GOAL OF THE EXERCISE:
Copy, word for word, the lines of the listing below from the line with "ทีที โซลูชั่น เซลส์" up to and including the line with "沿著三十三觀音像走進仁王門,左前方聳立的". Drop the pictures.

SUPPLIED RECORDS:
══════
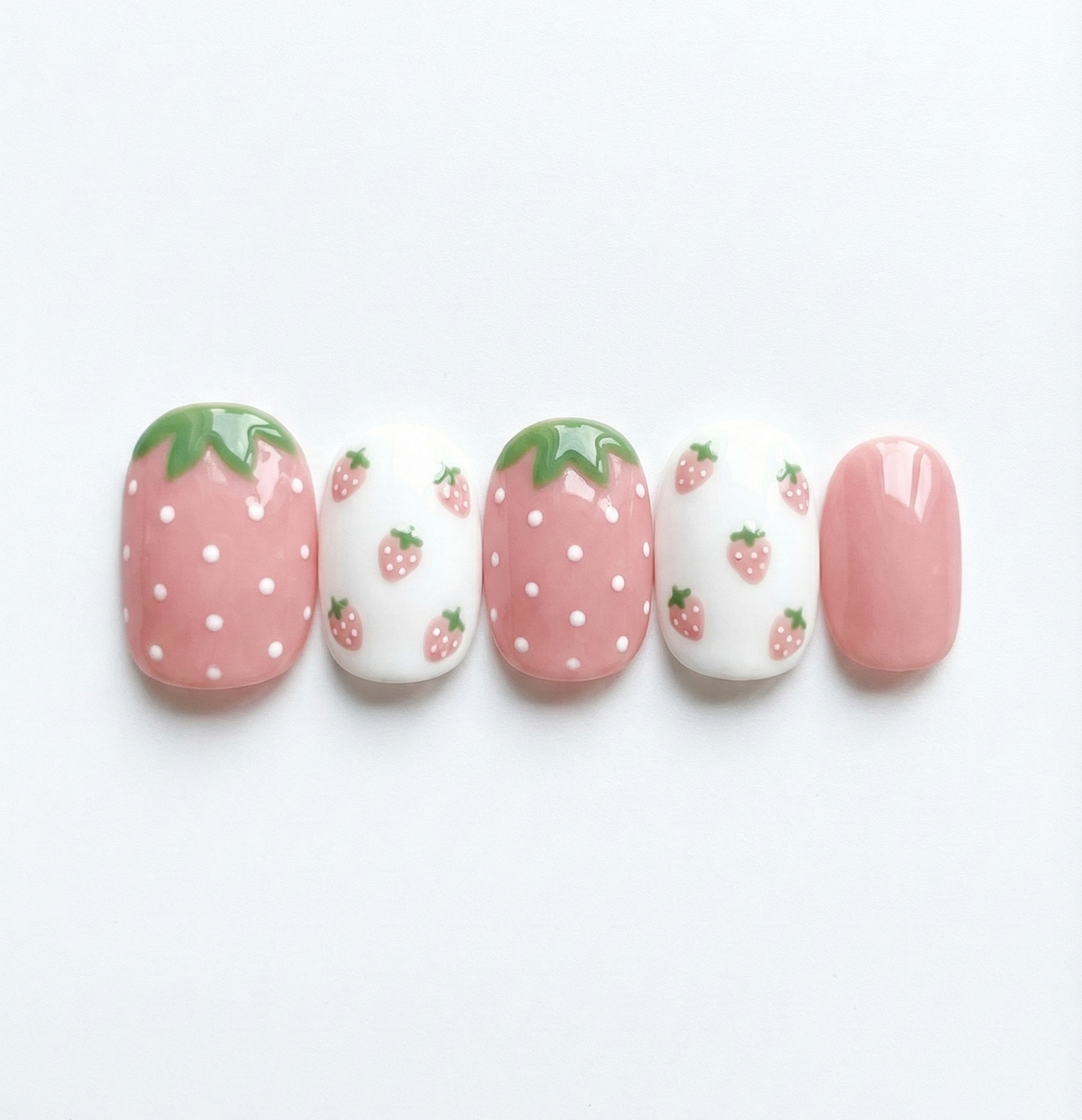 The Strawberry: A juicy pink base dotted with white seeds and topped with a hand-painted green stem at the cuticle, turning your entire nail into a strawberry.
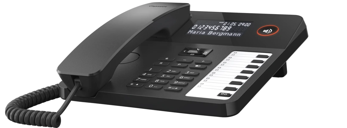 Das schnurgebundene Gigaset DESK 600 mit LC-Display und sieben doppelbelegbaren Direktwahltasten ist ideal für die Nutzung zu Hause oder im Büro.
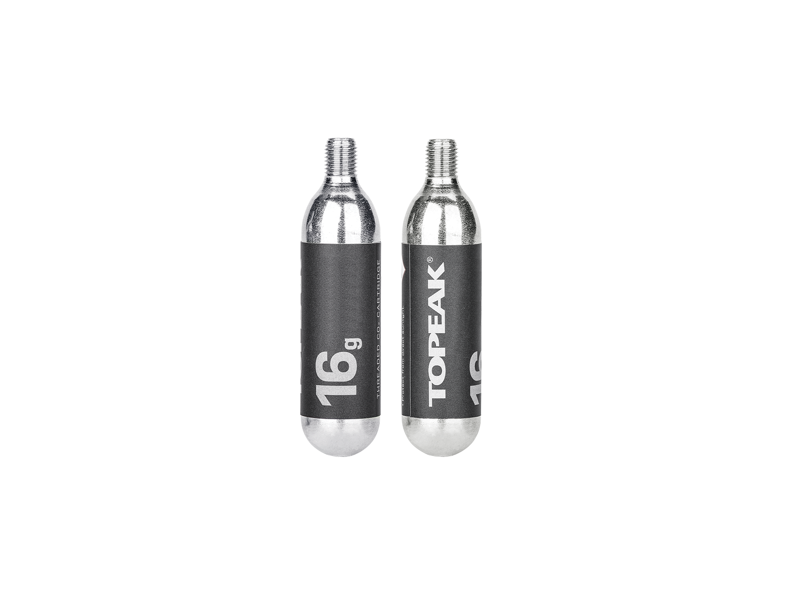 16g threaded CO2 cartridge (2 pieces). For Topeak HybridRocket series, CO2-Bra and AirBooster CO2 Inflators series.
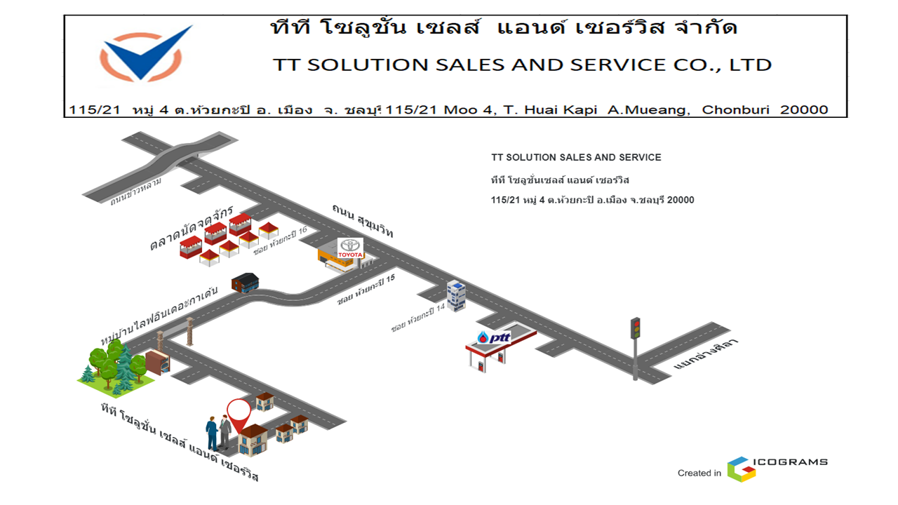 ทีที โซลูชั่น เซลส์ แอนด์ เซอร์วิส จำกัด 115/21 หมู่ 4 ซอย ห้วยกะปิ 15 ต.ห้วยกะปิ อ.เมือง จ.ชลบุรี 20130 Sale Support 092-273-0992
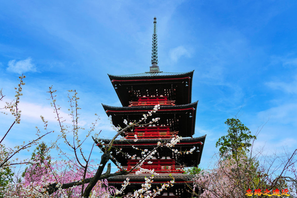 沿著三十三觀音像走進仁王門,左前方聳立的「五重塔」壯觀耀眼;五重塔寶塔造型,高度約31.2公尺 (日本度量:17間1尺3吋3分),每一層塔間高度為前一層的高度減去一半(半分)的高度遞減,因此往上望去,視野和諧;在粉櫻前任一角度欣賞都美。
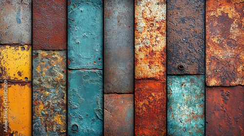 arious metal textures with rust and patina arranged vertically, highlighting a spectrum of colors and corrosion patterns, symbolizing the passage of time and natural decay
══════
ANSWER BOX:
 ทีที โซลูชั่น เซลส์ แอนด์ เซอร์วิส จำกัด 115/21 หมู่ 4 ซอย ห้วยกะปิ 15 ต.ห้วยกะปิ อ.เมือง จ.ชลบุรี 20130 Sale Support 092-273-0992
 沿著三十三觀音像走進仁王門,左前方聳立的「五重塔」壯觀耀眼;五重塔寶塔造型,高度約31.2公尺 (日本度量:17間1尺3吋3分),每一層塔間高度為前一層的高度減去一半(半分)的高度遞減,因此往上望去,視野和諧;在粉櫻前任一角度欣賞都美。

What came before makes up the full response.